Dr. Teru Toyokawa became new Chair of the Human Development Department at CSUSM this school year


How did you become interested in human development?
While I was doing my clinical internship for my graduate training as a clinical psychologist, I came to realize that how my clients were influenced by their family members and other relationships they had at school, in the neighborhood, and with their communities. Then, when I found that Human Development is the field of study that focuses on people’s development with an emphasis of the interactions between the developing person and context/environment, I thought that that emphasis and perspective just made sense to me.

What type of research are you doing?
My major research interest lies in developmental issues among youth during the transitional period from adolescence to adulthood in various cultures. I conduct research in emerging adults’ formation of identity, particularly the antecedents and outcomes of career identity among emerging adults. I also conduct cross-cultural studies in young people’s conception of adulthood (e.g., what adult means and how they get to know when they become an adult).
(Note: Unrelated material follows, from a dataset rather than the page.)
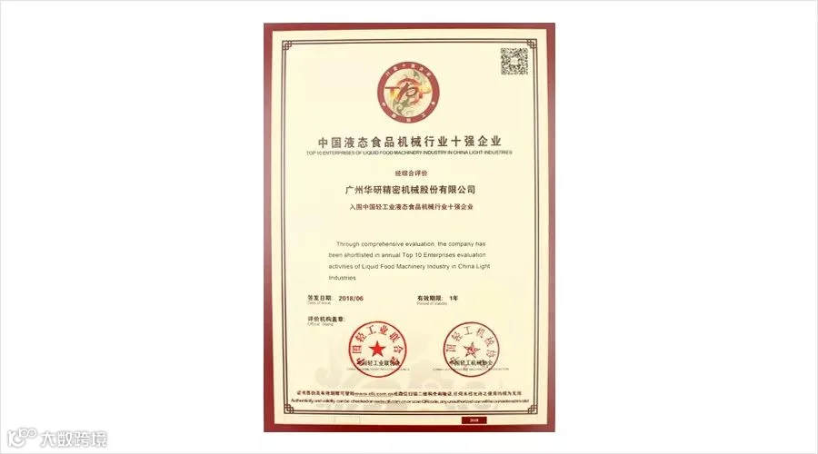 日前,由中国轻工业联合会、中国轻工机械协会组织开展的中国液态食品机械行业十强企业评价结果公布。广州华研精密机械股份有限公司(以下简称“华研”)经综合评价再次成功入围液态食品机械行业十强,这是自2012年以来,华研第四次荣获此殊荣。这是中国轻工业对华研的认可,更是长期以来客户对华研的大力支持,亦是华研实力的体现。

What inspired you to choose that area of research?
When I was a graduate student, I became fascinated by how developmental researchers attempted to study people’s ‘changes’ across life. Some of the studies that I read about how changes occur and how environmental factors explain differences among people in developmental trajectories excited me about the field. People experience a variety of changes when they go through life transitions. And for me, the transition from adolescence to young adulthood was one of the most challenging periods in my life so far so that I wanted to understand this transitional period further to help young people navigate the transition through contributing to the field.

What do you hope students take away from your classes at the end of each semester?
Studying Human Development helps you better understand yourself. I would be happy if students in my class would understand themselves better when they leave my classes than they did before taking my class.

What is the biggest challenge in your job?
Catching up with changing students’ needs and interests, their goals in learning, and meeting them using changing technologies.

What is the greatest reward of your job?
Seeing the education, career, and personal success of students whom I taught. I am always delighted to hear from students after they graduate.

What would people be surprised to know about you?
I ran the Boston Marathon twice!

What do you enjoy doing when you’re not working?
Running, knitting, and playing an out-of-tune jazz guitar

What’s the best part about working at CSUSM?
Working with students, faculty, and staff who come from such diverse cultural backgrounds.